Dari langit, terlihat kerumunan orang, berduyun-duyun menyeberangi padang pasir, savana, dan sungai berkelok dengan jeram yang siap membunuh dengan cara paling jahanam. Termasuk juga mesti menerobos belukar hutan dan rahasia lautan yang menyimpan sekian banyak ketakutan. Akan masa depan. Setelah orang-orang itu terusir dari rumah-rumah mereka. Hanya karena memilih untuk selalu bersujud di hadapan Tuhan yang diyakininya.
Rohingya terlahir dari rahim bumi yang terkoyak di Asia Tenggara. Karena pilihannya, mereka terlunta-lunta tanpa negara. Karena keyakinannya, mereka mencari suaka atas nama cinta. Mereka terlunta-lunta atas nama cinta. Mereka tercabik-cabik luka atas nama cinta. Dan mereka tidak akan lari dari cintaNya.
Uighur adalah setitik rasi di pusaran besar galaksi. Lingkaran kecil di sebuah kekaisaran besar yang tak pernah goyah hanya karena tanahnya patah oleh mimpi. Yang terburuk di antara mimpi-mimpi yang pernah datang. Bagaimana mereka menyebut kata pulang. Untuk rumah yang terpaksa mereka tinggalkan.

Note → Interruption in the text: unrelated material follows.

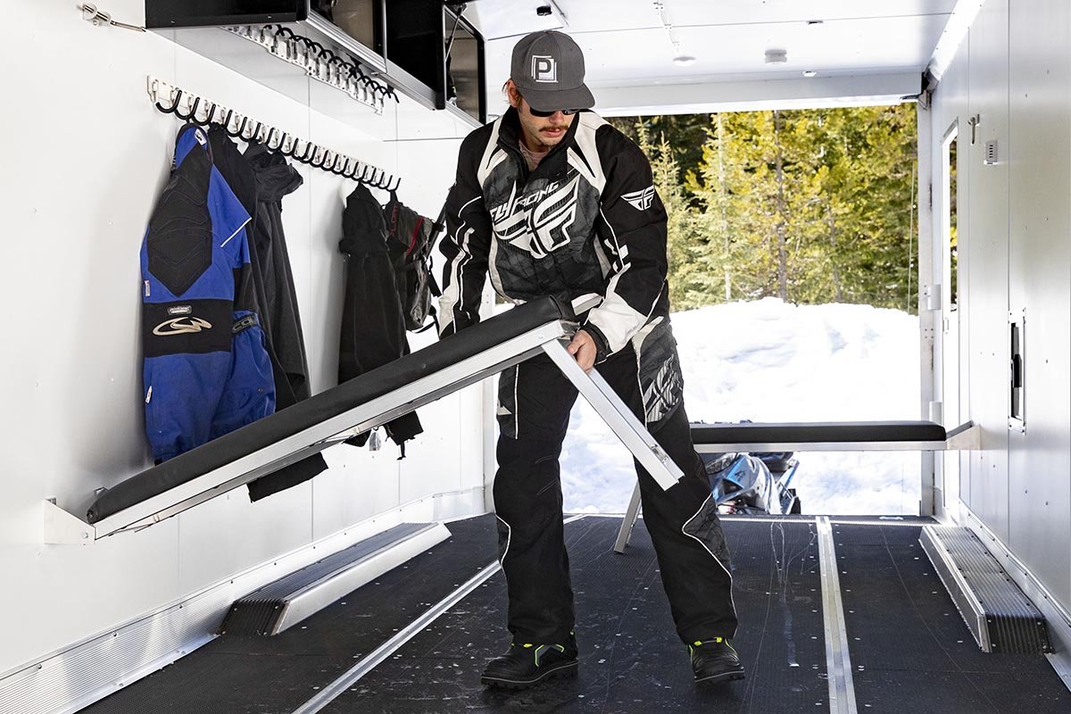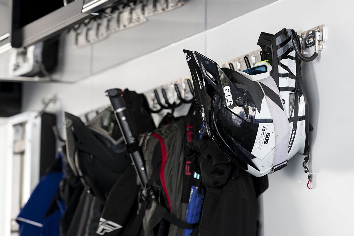 Easily hang and organize your riding gear and outerwear; the 22-slot coat hanger is mounted in the center of the trailer's ceiling.

Kashmir adalah kepingan surga yang tergelincir di lereng Himalaya. Tempat orang-orang menggembala domba sambil berdoa. Tempat angin dingin datang untuk meniupkan doa-doa. Tempat anak-anak hujan membeku agar bisa khusuk melantunkan doa-doa. Tempat Tuhan menitipkan sebuah alamat. Supaya perjalanan mendaki langit tak pernah tersesat. Â
Dari langit, orang-orang itu nampak terus berjalan terhuyung-huyung. Melintasi batas antara wajah kemanusiaan yang murung, dan sisi lain peradaban yang mendung. Di sela-sela raut muka beringas para perundung.